Germany’s coldest April in 40 years
The chill also oozed eastward over Germany, which saw its coldest April in 40 years, according to the World Meteorological Organization.
Deutscher Wetterdienst, Germany’s meteorological agency, wrote that temperatures were 2.3 degrees Celsius (4.1 Fahrenheit) below average and that it was the second-frostiest April on record, trailing only 1929. The month brought both snow flurries and hail, with some days feeling like a fast-forward through all the year’s seasons. In parts of the country, Easter delivered a white new sprinkling to confused spring blooms.

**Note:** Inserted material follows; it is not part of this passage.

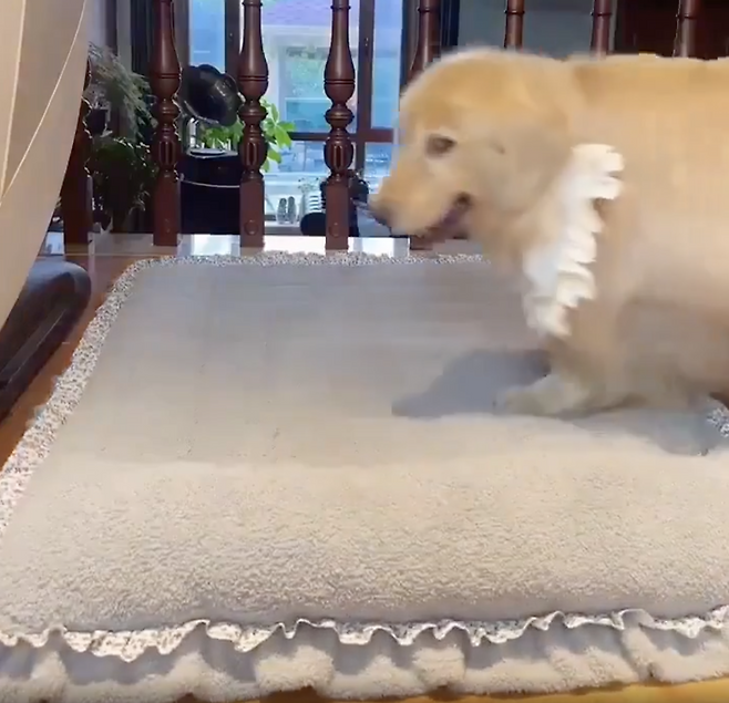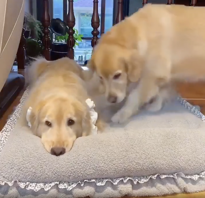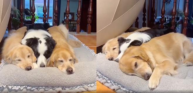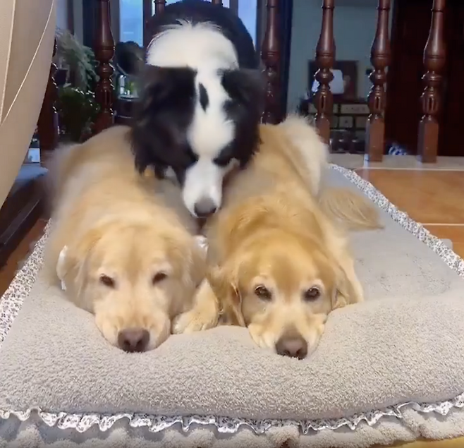 좁은 강아지 침대에 골든 리트리버 두 마리와 보더콜리 한 마리가 함께 누워 있는 모습은 정말 사랑스럽습니다. 침대는 작아 보이지만, 이들은 서로를 의지하며 편안하게 잠들고 있습니다.

The chilly April in Germany followed a particularly erratic spell of weather. In February, snowstorms and frozen rivers melted away in a balmy, if short-lived, patch of sunshine as temperatures leaped a record 42 degrees Celsius (75.6 Fahrenheit) in the space of a week. Soon, though, came a return to what has felt like a never-ending winter, made bleaker by interminable coronavirus lockdowns and restrictions.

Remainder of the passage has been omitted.